» What you have to do
Reproduce exactly the line containing "Das Reima Joonia" and each line after it until the listing ends, leaving pictures out.

» Data excerpt
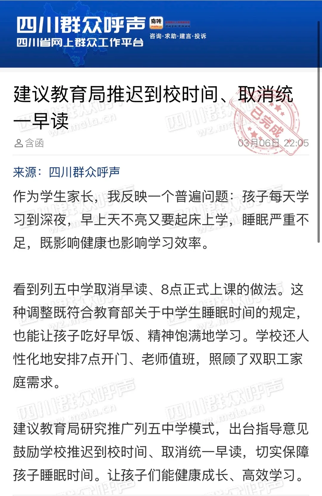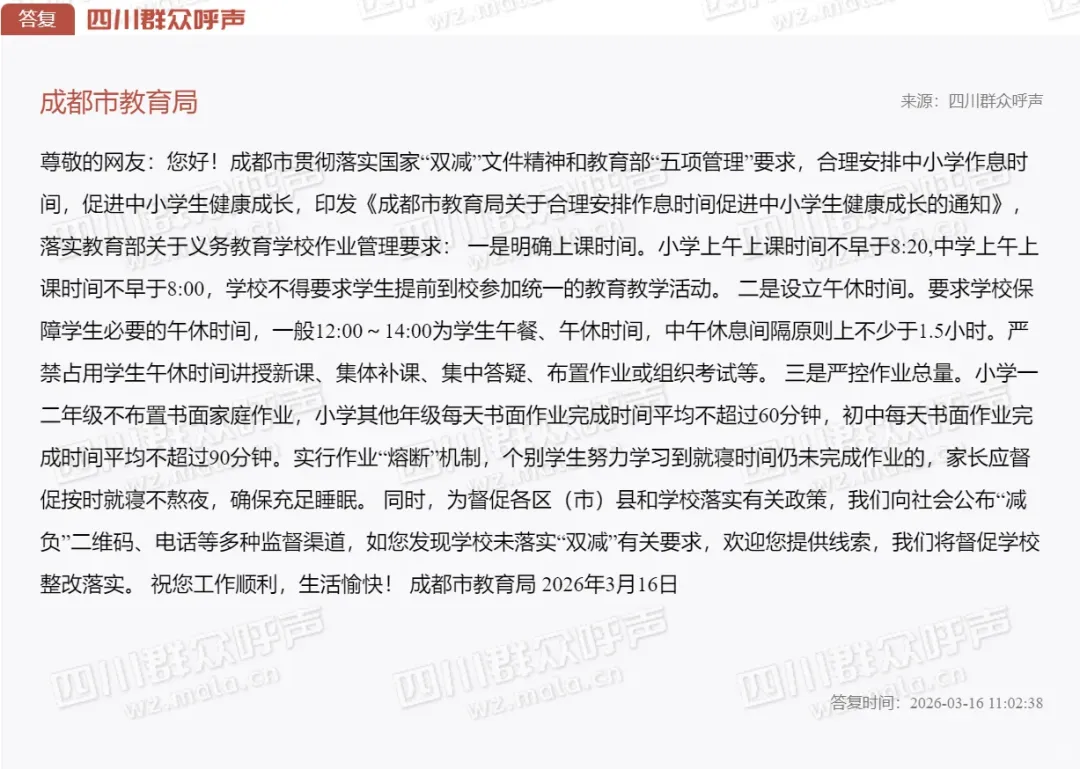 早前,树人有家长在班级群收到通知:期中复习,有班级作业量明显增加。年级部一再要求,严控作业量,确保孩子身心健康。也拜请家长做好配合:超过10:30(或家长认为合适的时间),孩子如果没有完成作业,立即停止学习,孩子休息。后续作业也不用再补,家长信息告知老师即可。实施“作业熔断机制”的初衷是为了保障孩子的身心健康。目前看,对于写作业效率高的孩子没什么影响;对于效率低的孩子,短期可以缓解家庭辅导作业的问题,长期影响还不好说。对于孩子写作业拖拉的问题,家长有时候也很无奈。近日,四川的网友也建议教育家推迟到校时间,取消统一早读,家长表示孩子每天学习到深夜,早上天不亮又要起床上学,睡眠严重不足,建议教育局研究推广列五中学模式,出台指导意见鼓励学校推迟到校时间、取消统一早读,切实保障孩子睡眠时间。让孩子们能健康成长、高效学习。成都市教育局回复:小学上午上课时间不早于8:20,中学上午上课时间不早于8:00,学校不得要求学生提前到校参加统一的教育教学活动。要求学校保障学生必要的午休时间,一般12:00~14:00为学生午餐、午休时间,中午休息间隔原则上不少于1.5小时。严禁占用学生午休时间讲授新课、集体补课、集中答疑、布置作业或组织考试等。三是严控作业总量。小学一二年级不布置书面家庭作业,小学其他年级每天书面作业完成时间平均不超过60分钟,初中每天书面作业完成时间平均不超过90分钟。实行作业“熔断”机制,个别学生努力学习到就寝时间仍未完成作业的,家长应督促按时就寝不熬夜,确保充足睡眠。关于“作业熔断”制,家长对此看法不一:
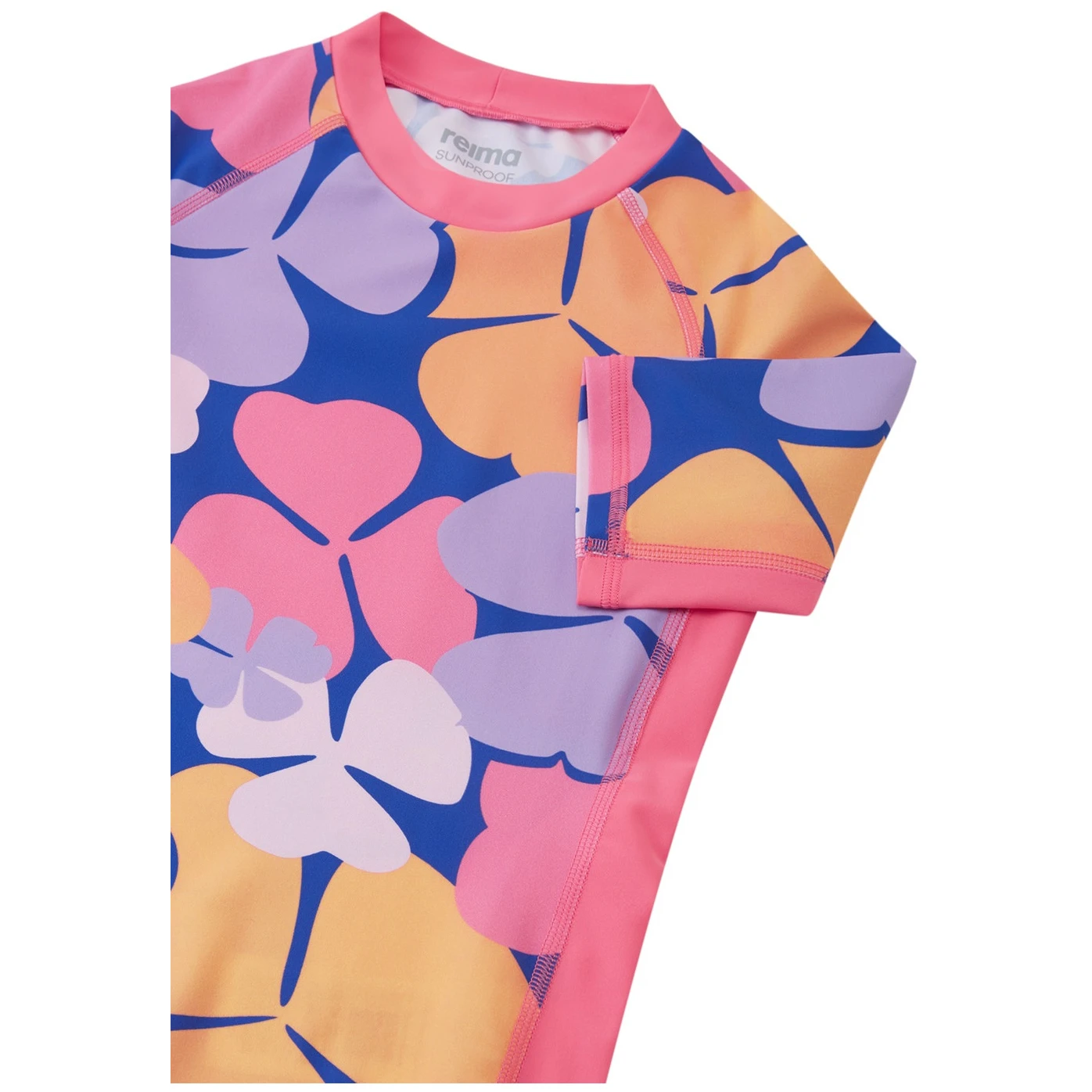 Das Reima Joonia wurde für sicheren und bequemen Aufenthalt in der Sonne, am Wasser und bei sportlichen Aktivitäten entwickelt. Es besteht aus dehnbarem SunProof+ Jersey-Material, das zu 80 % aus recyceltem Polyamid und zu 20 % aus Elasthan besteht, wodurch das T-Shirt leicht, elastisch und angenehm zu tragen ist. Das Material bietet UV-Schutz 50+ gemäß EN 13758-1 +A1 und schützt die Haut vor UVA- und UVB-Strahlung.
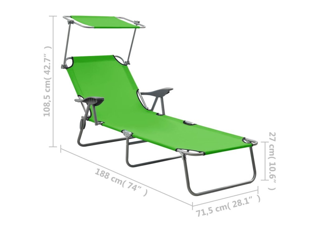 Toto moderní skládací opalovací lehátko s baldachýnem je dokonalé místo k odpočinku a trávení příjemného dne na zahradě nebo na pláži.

» Task answer
 Das Reima Joonia wurde für sicheren und bequemen Aufenthalt in der Sonne, am Wasser und bei sportlichen Aktivitäten entwickelt. Es besteht aus dehnbarem SunProof+ Jersey-Material, das zu 80 % aus recyceltem Polyamid und zu 20 % aus Elasthan besteht, wodurch das T-Shirt leicht, elastisch und angenehm zu tragen ist. Das Material bietet UV-Schutz 50+ gemäß EN 13758-1 +A1 und schützt die Haut vor UVA- und UVB-Strahlung.
 Toto moderní skládací opalovací lehátko s baldachýnem je dokonalé místo k odpočinku a trávení příjemného dne na zahradě nebo na pláži.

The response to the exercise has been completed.